■ **What is needed**: Write out the whole listing below exactly, skipping each picture.

■ **Data excerpt**:

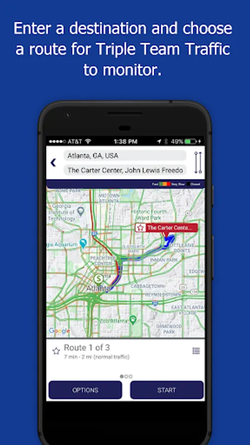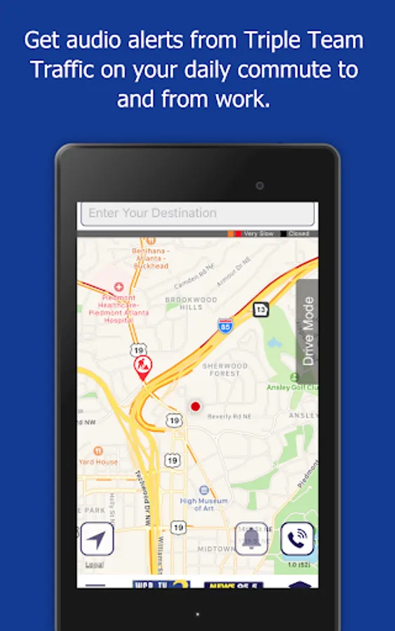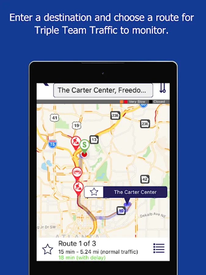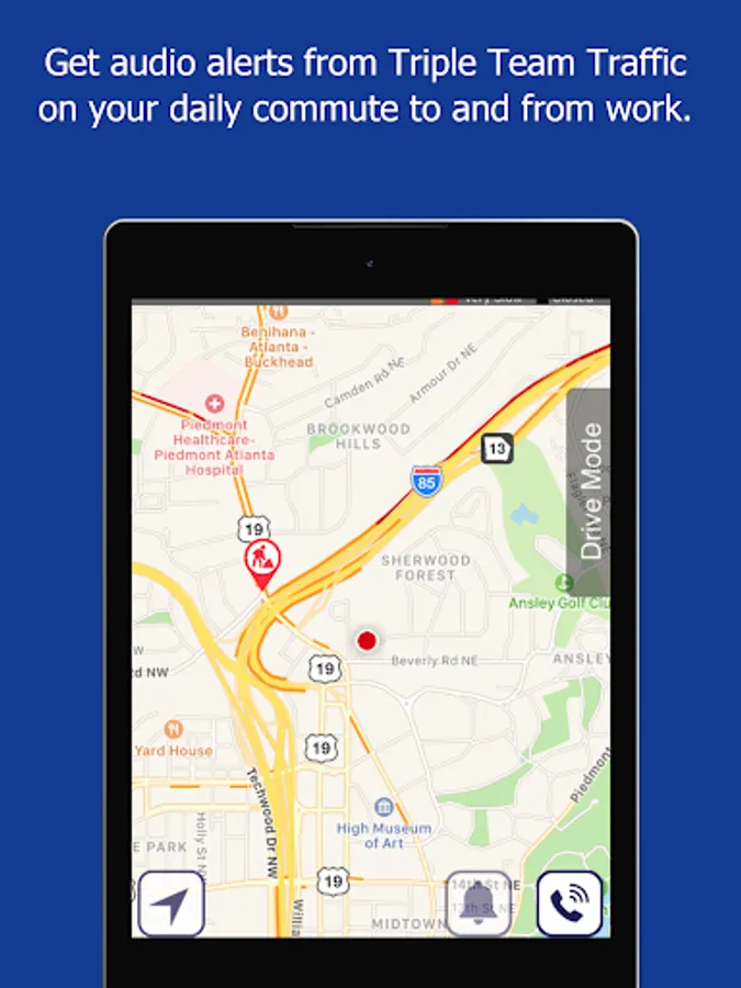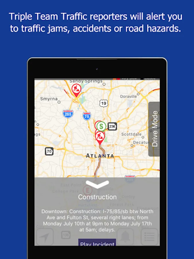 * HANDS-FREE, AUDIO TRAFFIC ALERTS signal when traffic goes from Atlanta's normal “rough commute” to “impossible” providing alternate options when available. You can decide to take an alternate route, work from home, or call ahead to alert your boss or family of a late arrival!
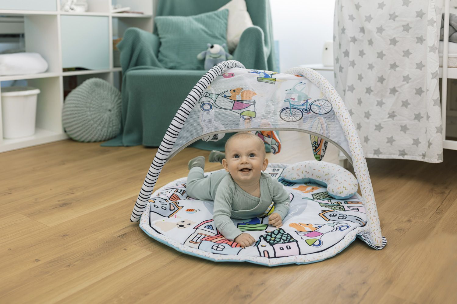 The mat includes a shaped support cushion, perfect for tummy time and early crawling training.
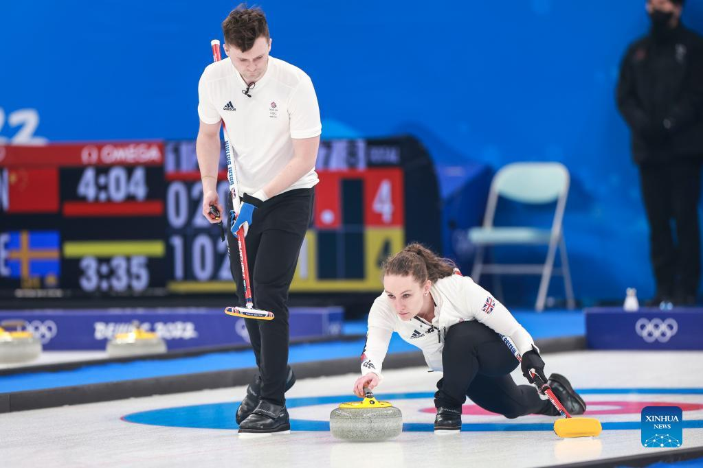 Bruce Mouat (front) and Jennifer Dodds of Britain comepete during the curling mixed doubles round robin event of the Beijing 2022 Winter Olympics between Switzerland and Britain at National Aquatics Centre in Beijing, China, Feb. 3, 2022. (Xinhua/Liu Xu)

■ **Answer to this exercise**:
 * HANDS-FREE, AUDIO TRAFFIC ALERTS signal when traffic goes from Atlanta's normal “rough commute” to “impossible” providing alternate options when available. You can decide to take an alternate route, work from home, or call ahead to alert your boss or family of a late arrival!
 The mat includes a shaped support cushion, perfect for tummy time and early crawling training.
 Bruce Mouat (front) and Jennifer Dodds of Britain comepete during the curling mixed doubles round robin event of the Beijing 2022 Winter Olympics between Switzerland and Britain at National Aquatics Centre in Beijing, China, Feb. 3, 2022. (Xinhua/Liu Xu)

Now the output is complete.